> The problem
Quote all lines below exactly. Images stay out.

> Source material
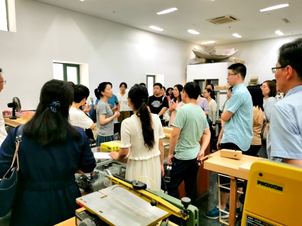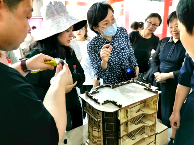 在革命丰碑展馆的红色劳动工坊,学员们对beat365将红色资源保护利用融入第一课堂和第二课堂、将思政教育和劳动教育相融合的教学与实践情况进行了调研,对学生在建筑测绘、中国建筑史等课程中制作红色旧址木工实体模型的劳育实践环节产生了浓厚的兴趣,深入了解学生利用激光切割等手段设计、制作红色旧址复原模型的工艺原理和加工流程,学员代表还分组进行了沉浸式模型构件的安装体验,更加活跃了本次现场教学的气氛。通过参观学员们对进一步开展红色资源保护工作的迫切性和重要意义产生了巨大的共鸣,对探索红色资源的保护利用与高校科研与教学相结合的有效路径进行了深入思考。
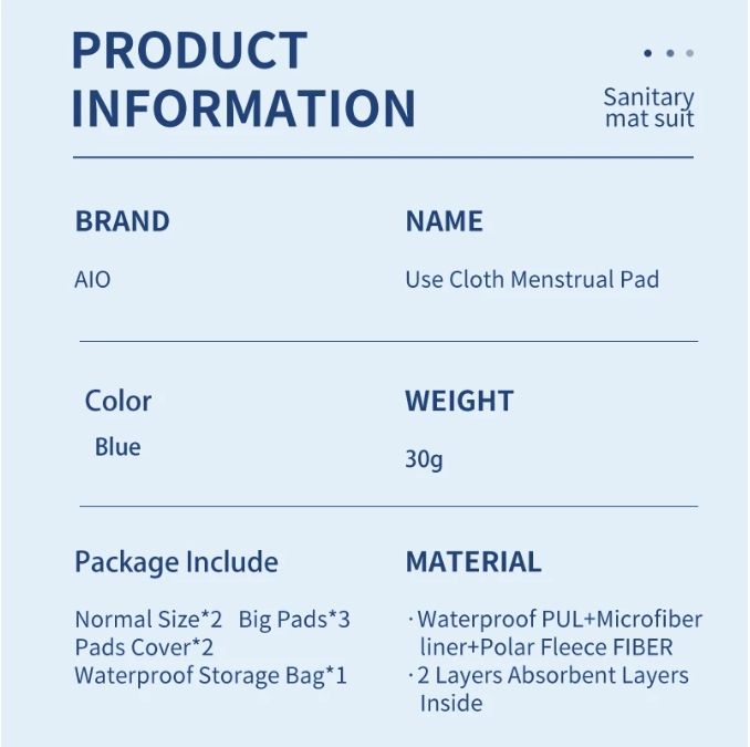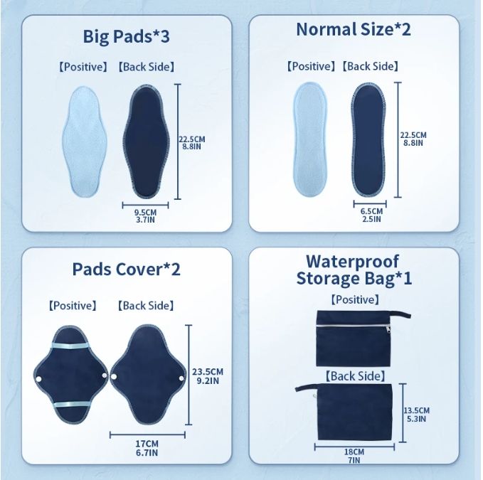 Material: Polar fleece Size: 3pcs Pads,22.5*9.5cm(9*3.8Inch);2Pcs Pads,22.5*6.5cm(9*2.6Inch),2Pcs Pads Cover,23.5*17cm (9.4*6.8 Inch) Item Type: Feminine Hygiene Color: Blue Outer Material: 1 Layer Of Waterfowl PUL Inner Material: 2 Layers of MICROFIBER Durable, Waterproof, Super absorbent, Washable, Reusable, Easy to wash And Dry, Fashionable, Comfortable, Environmentally friendly.
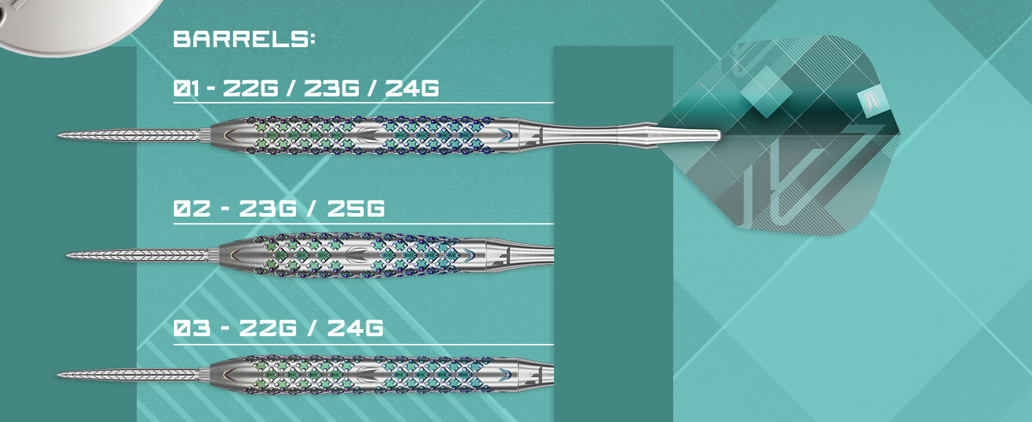 - 90% TUNGSTEN DARTS BARREL 01: The Rove 01 90% Tungsten straight barrels feature precision milling and are coated with a striking green Diamond-Like Carbon finish. The detailed texture and design elements are integrated to offer a superior grip and control. The straight barrel offers a consistent grip along the entire length of the barrel, providing a balanced feel and accommodating various finger grip styles (Barrel 01 – 22G Diameter: 6.5mm, Length: 52mm).
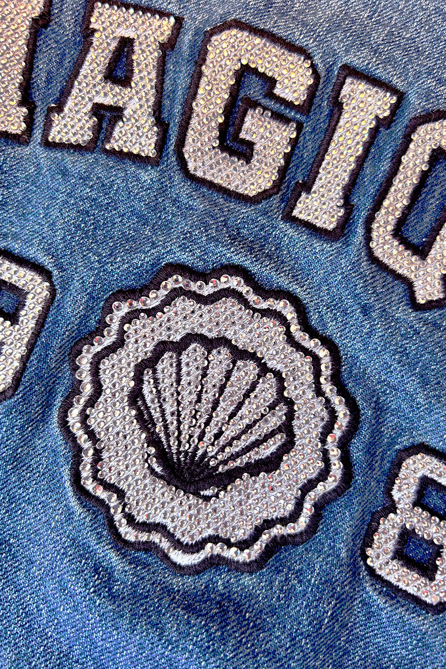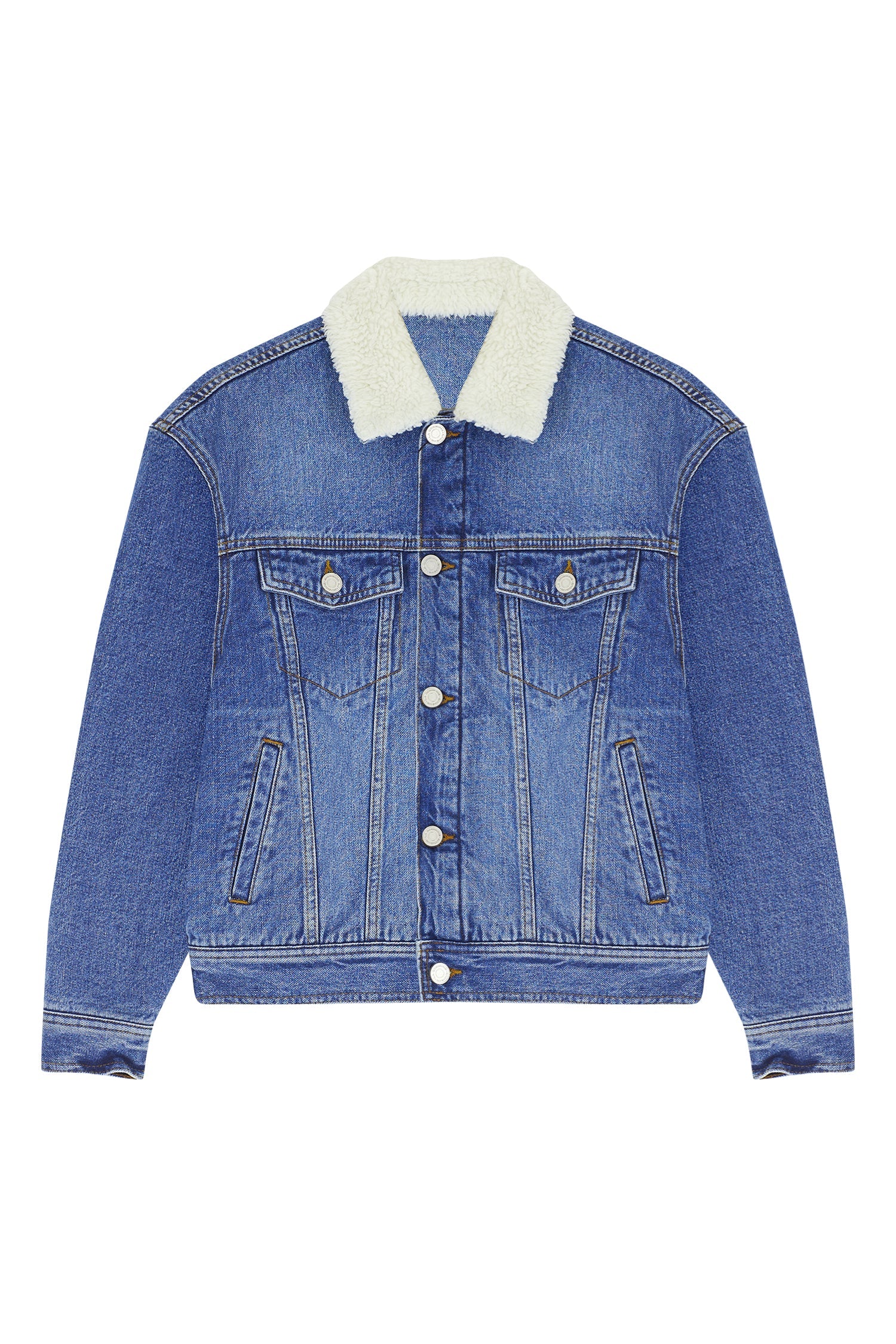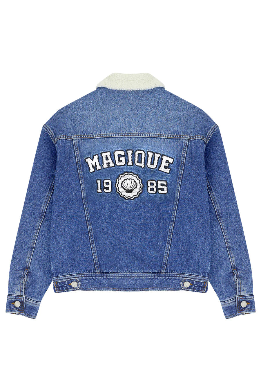 Jewelled blue denim jacket with faux shearling lining, crafted of 100% cotton.

> Output
 在革命丰碑展馆的红色劳动工坊,学员们对beat365将红色资源保护利用融入第一课堂和第二课堂、将思政教育和劳动教育相融合的教学与实践情况进行了调研,对学生在建筑测绘、中国建筑史等课程中制作红色旧址木工实体模型的劳育实践环节产生了浓厚的兴趣,深入了解学生利用激光切割等手段设计、制作红色旧址复原模型的工艺原理和加工流程,学员代表还分组进行了沉浸式模型构件的安装体验,更加活跃了本次现场教学的气氛。通过参观学员们对进一步开展红色资源保护工作的迫切性和重要意义产生了巨大的共鸣,对探索红色资源的保护利用与高校科研与教学相结合的有效路径进行了深入思考。
 Material: Polar fleece Size: 3pcs Pads,22.5*9.5cm(9*3.8Inch);2Pcs Pads,22.5*6.5cm(9*2.6Inch),2Pcs Pads Cover,23.5*17cm (9.4*6.8 Inch) Item Type: Feminine Hygiene Color: Blue Outer Material: 1 Layer Of Waterfowl PUL Inner Material: 2 Layers of MICROFIBER Durable, Waterproof, Super absorbent, Washable, Reusable, Easy to wash And Dry, Fashionable, Comfortable, Environmentally friendly.
 - 90% TUNGSTEN DARTS BARREL 01: The Rove 01 90% Tungsten straight barrels feature precision milling and are coated with a striking green Diamond-Like Carbon finish. The detailed texture and design elements are integrated to offer a superior grip and control. The straight barrel offers a consistent grip along the entire length of the barrel, providing a balanced feel and accommodating various finger grip styles (Barrel 01 – 22G Diameter: 6.5mm, Length: 52mm).
 Jewelled blue denim jacket with faux shearling lining, crafted of 100% cotton.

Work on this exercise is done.